** Provided records **
───

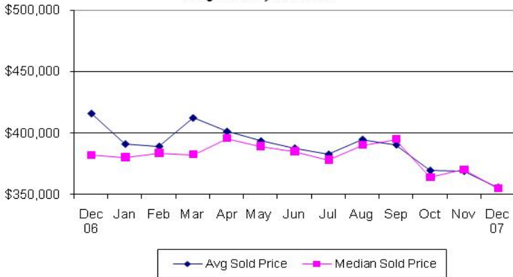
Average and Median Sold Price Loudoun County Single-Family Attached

───

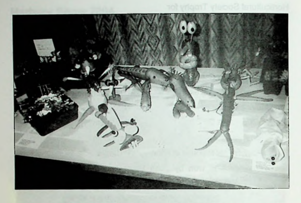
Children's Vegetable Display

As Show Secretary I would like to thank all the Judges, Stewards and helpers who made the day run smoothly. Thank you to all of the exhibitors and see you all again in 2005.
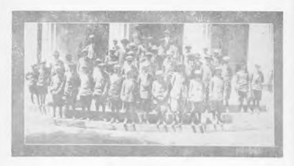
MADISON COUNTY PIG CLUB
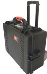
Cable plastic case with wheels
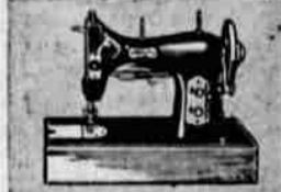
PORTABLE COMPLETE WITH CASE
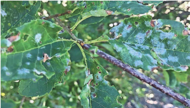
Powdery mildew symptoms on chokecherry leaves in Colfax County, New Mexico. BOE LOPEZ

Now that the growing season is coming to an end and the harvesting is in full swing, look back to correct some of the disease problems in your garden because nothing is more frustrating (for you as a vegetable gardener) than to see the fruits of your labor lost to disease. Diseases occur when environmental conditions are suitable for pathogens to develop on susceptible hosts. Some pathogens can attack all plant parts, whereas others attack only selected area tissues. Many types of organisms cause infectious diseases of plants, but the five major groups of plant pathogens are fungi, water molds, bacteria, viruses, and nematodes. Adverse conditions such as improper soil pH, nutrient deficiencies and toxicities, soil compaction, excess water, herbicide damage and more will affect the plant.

───

** Try it **
Look above for the line with "MADISON COUNTY PIG CLUB" and the line with "Powdery mildew symptoms". Copy them and every line between, exactly, but no pictures.

** Exercise solution **
MADISON COUNTY PIG CLUB
Cable plastic case with wheels
PORTABLE COMPLETE WITH CASE
Powdery mildew symptoms on chokecherry leaves in Colfax County, New Mexico. BOE LOPEZ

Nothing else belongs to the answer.